### Work instruction
The reply should reproduce every line of the data below word for word, minus any images.

### Provided data
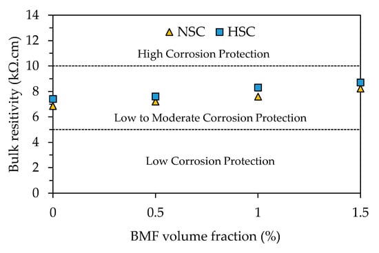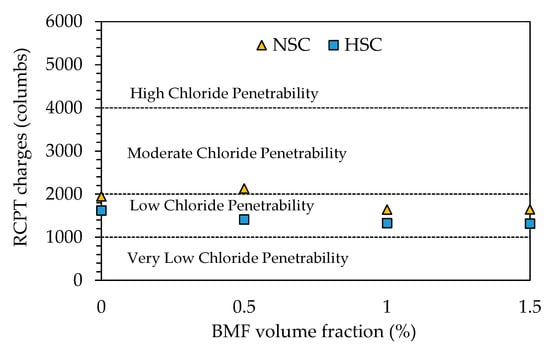 - The NSC and HSC with BMF exhibited a comparable reduction in the water absorption of up 12% relative to that of their plain counterparts. The addition of BMF did not change the level of corrosion protection nor the chloride penetrability category of both NSC and HSC mixtures, despite the slight improvement in the bulk resistivity (max. increase of 21%) and the slightly reduced RCPT electrical charges passed through the concrete (max. reduction of 19%). Similarly, the addition of BMF had almost no effect on UPV values of both NSC and HSC.
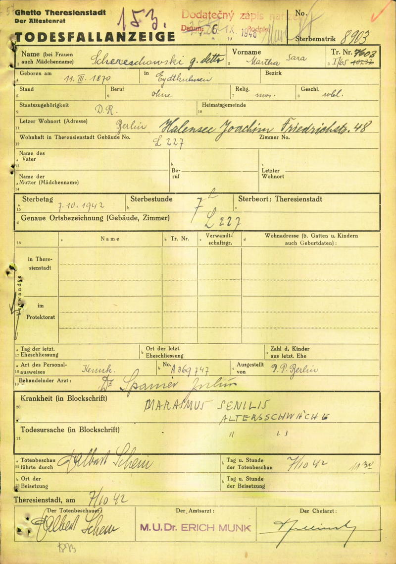 Schereschewski Martha: Todesfallanzeige, Ghetto Theresienstadt
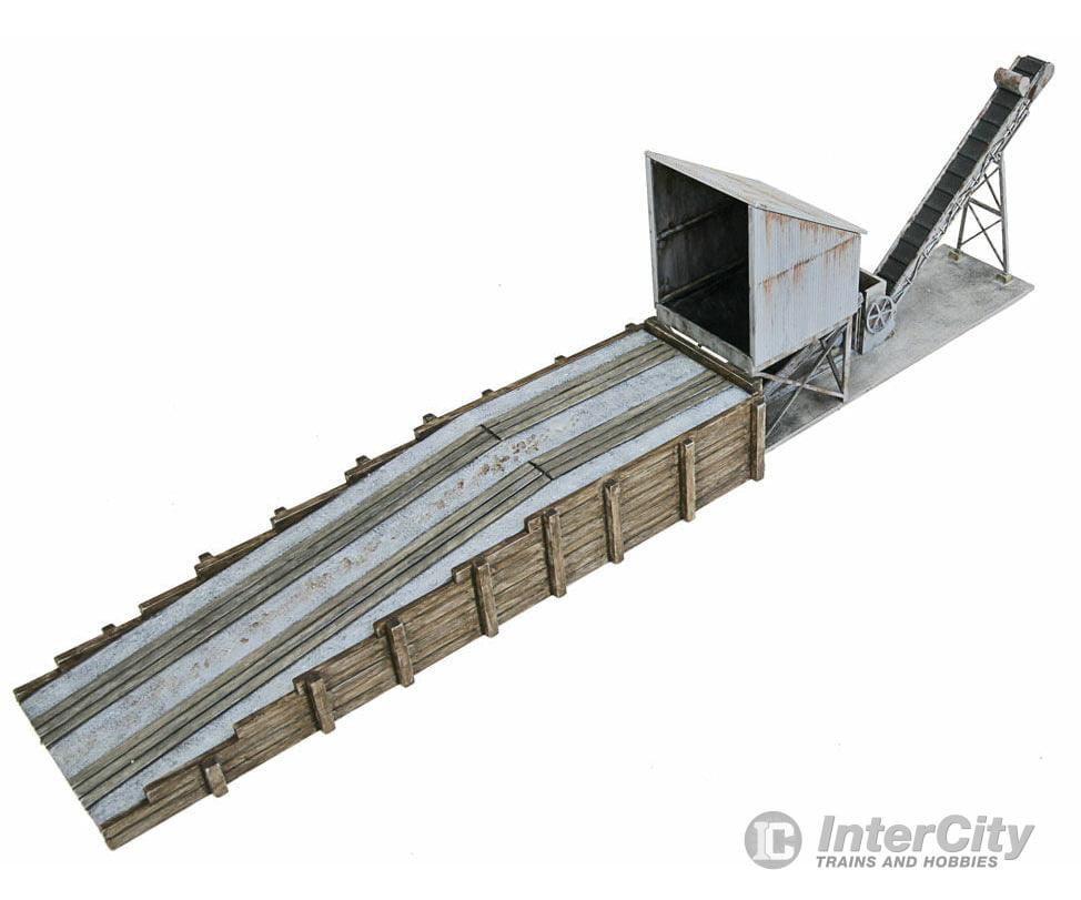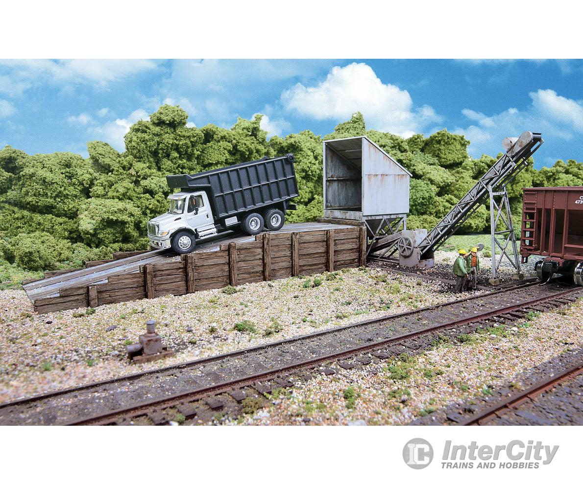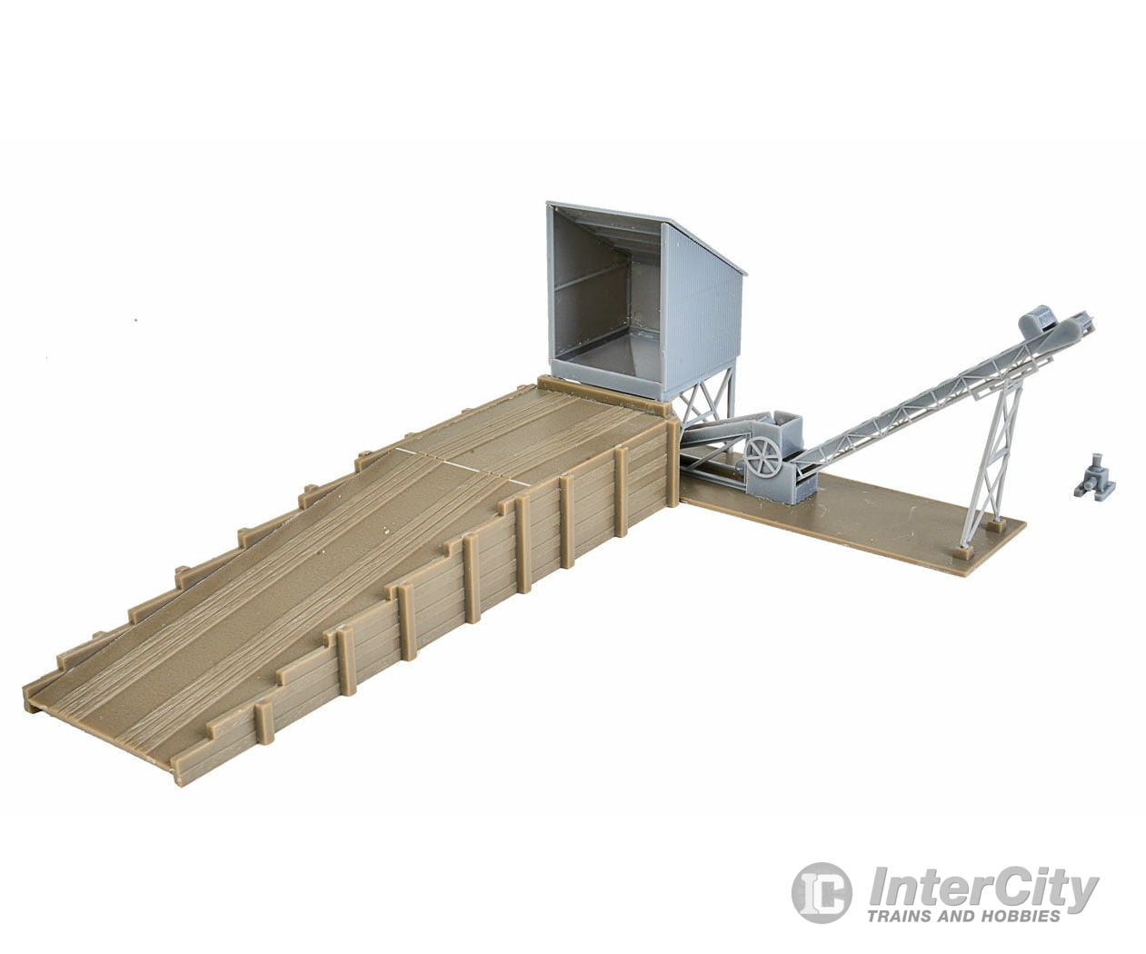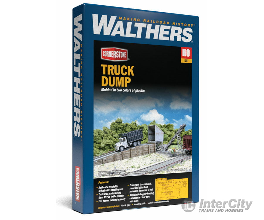 The Walthers Cornerstone Truck Dump kit is based on authentic facility used for loading all kinds of materials from dump trucks into hoppers or gondolas. This kit includes a timber-supported gravel truck ramp, corrugated-metal dump house and hopper, a positionable hopper loading conveyor that can be arranged left, right or center, and a car puller. Use the Truck Dump to add a shipping facility to any siding on your 1970s and later layout.
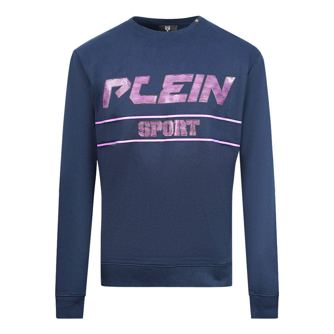Philipp Plein Sport Purple Bold Logo Navy Blue Jumper. Philipp Plein Sport Navy Blue Jumper. 51% Cotton 49% Polyester, Long Sleeve, Round Neck. Large Plein Branding On The Front. Plein Branded Badges, Elasticated Waist and Sleeve Endings. Style Code: FIPS211 85

### Result of this task
 - The NSC and HSC with BMF exhibited a comparable reduction in the water absorption of up 12% relative to that of their plain counterparts. The addition of BMF did not change the level of corrosion protection nor the chloride penetrability category of both NSC and HSC mixtures, despite the slight improvement in the bulk resistivity (max. increase of 21%) and the slightly reduced RCPT electrical charges passed through the concrete (max. reduction of 19%). Similarly, the addition of BMF had almost no effect on UPV values of both NSC and HSC.
 Schereschewski Martha: Todesfallanzeige, Ghetto Theresienstadt
 The Walthers Cornerstone Truck Dump kit is based on authentic facility used for loading all kinds of materials from dump trucks into hoppers or gondolas. This kit includes a timber-supported gravel truck ramp, corrugated-metal dump house and hopper, a positionable hopper loading conveyor that can be arranged left, right or center, and a car puller. Use the Truck Dump to add a shipping facility to any siding on your 1970s and later layout.
Philipp Plein Sport Purple Bold Logo Navy Blue Jumper. Philipp Plein Sport Navy Blue Jumper. 51% Cotton 49% Polyester, Long Sleeve, Round Neck. Large Plein Branding On The Front. Plein Branded Badges, Elasticated Waist and Sleeve Endings. Style Code: FIPS211 85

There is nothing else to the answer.